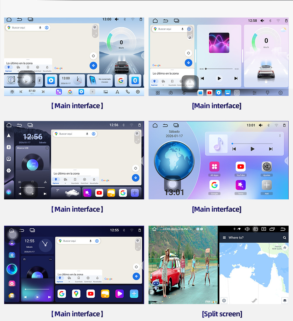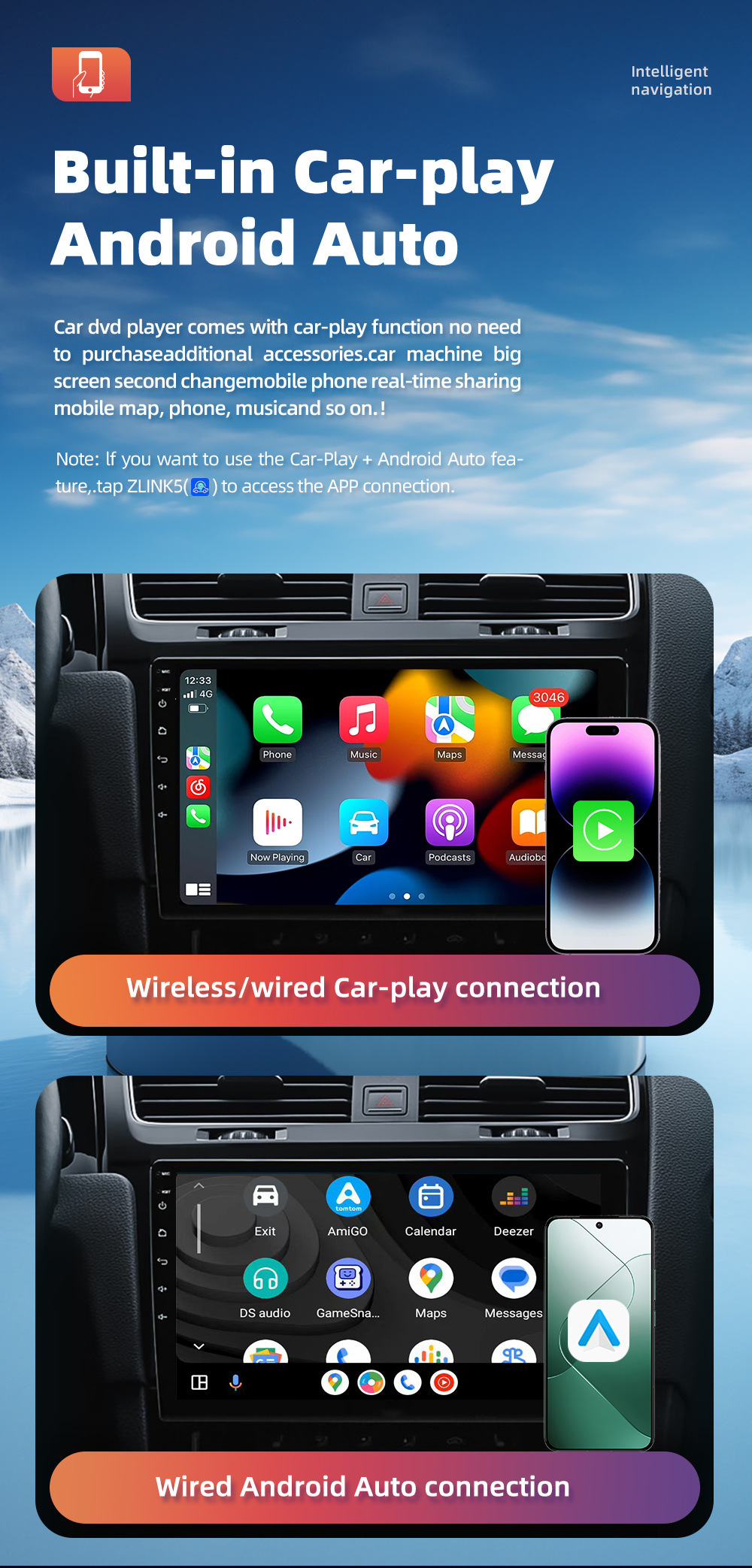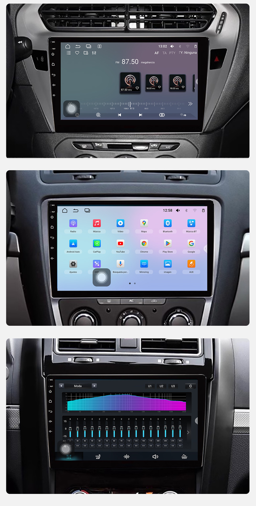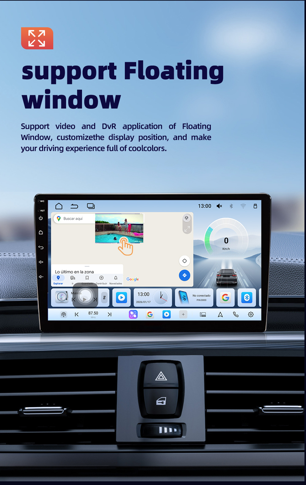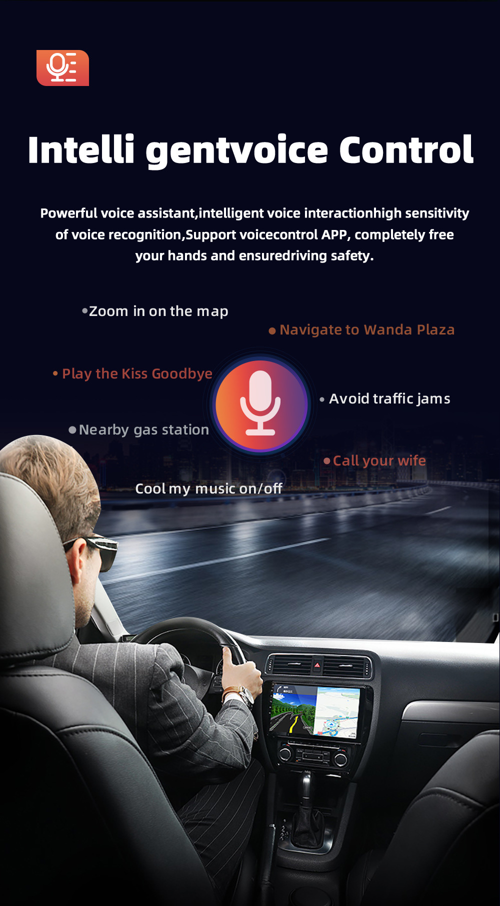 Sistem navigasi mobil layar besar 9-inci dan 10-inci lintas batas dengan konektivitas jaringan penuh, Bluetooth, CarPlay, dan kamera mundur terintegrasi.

________________

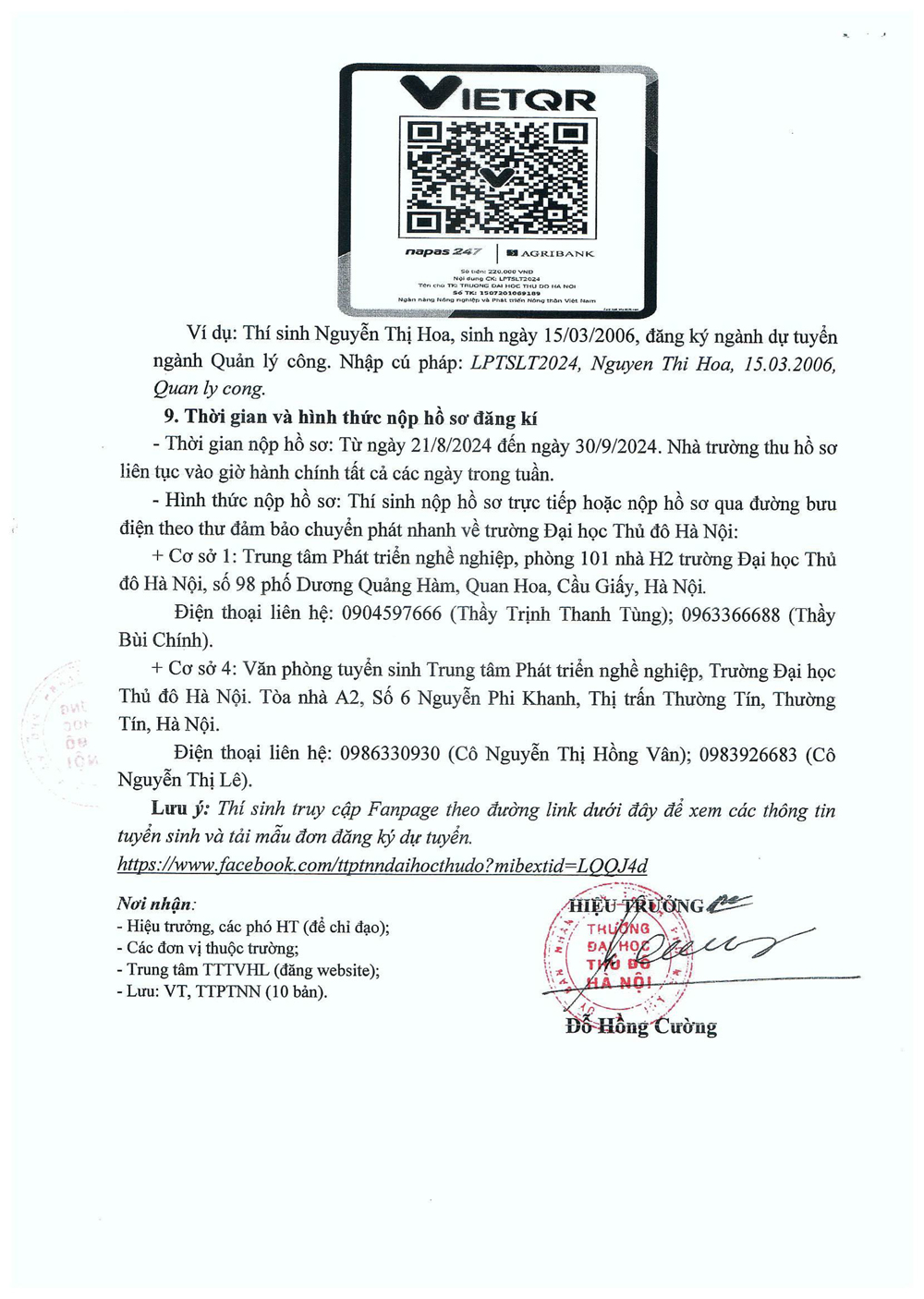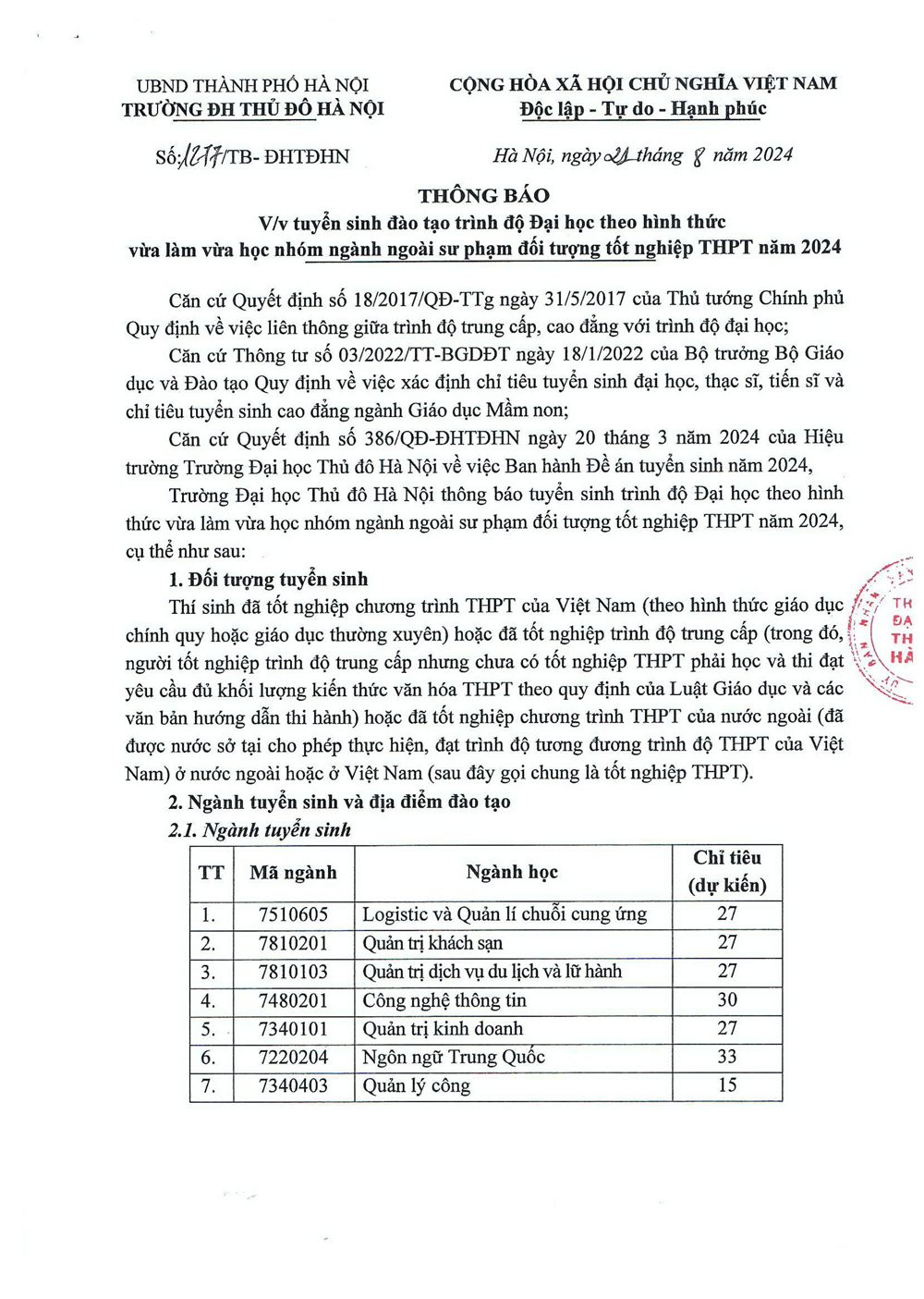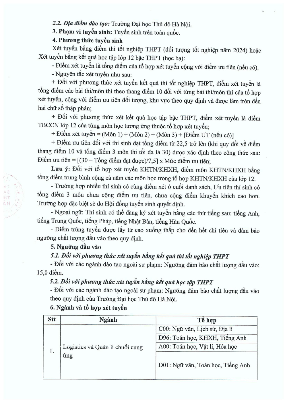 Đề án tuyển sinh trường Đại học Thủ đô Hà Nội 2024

________________

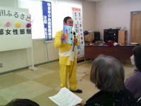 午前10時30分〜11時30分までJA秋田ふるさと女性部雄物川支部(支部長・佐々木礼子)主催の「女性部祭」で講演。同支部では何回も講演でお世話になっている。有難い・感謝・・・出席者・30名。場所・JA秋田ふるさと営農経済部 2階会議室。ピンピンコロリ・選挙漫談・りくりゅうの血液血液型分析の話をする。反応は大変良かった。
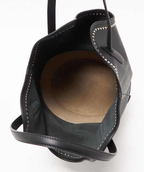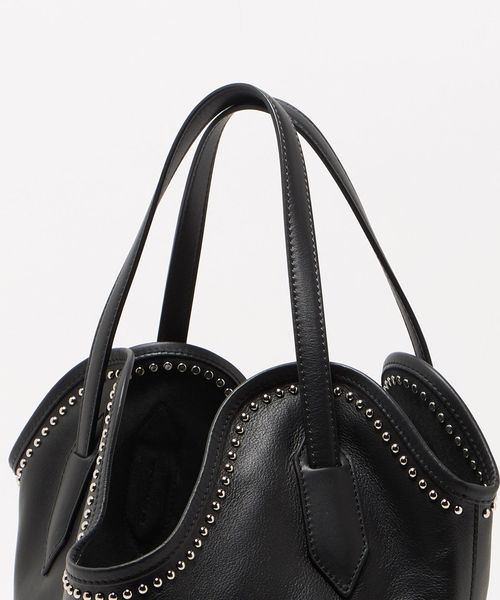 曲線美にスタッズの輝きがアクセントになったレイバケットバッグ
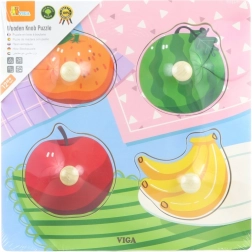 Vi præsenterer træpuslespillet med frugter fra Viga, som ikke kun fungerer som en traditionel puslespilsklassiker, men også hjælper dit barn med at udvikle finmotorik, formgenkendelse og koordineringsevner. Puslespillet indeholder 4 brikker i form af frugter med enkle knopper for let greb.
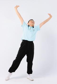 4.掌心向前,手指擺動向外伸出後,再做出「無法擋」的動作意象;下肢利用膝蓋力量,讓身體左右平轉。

________________

■ **Task details**
Exact copy, pictures excluded: from the line with "午前10時30分〜11時30" up to and including the line with "曲線美にスタッズの輝きがアクセントになったレイバケットバッグ" in the data above.

■ **Task result**
 午前10時30分〜11時30分までJA秋田ふるさと女性部雄物川支部(支部長・佐々木礼子)主催の「女性部祭」で講演。同支部では何回も講演でお世話になっている。有難い・感謝・・・出席者・30名。場所・JA秋田ふるさと営農経済部 2階会議室。ピンピンコロリ・選挙漫談・りくりゅうの血液血液型分析の話をする。反応は大変良かった。
 曲線美にスタッズの輝きがアクセントになったレイバケットバッグ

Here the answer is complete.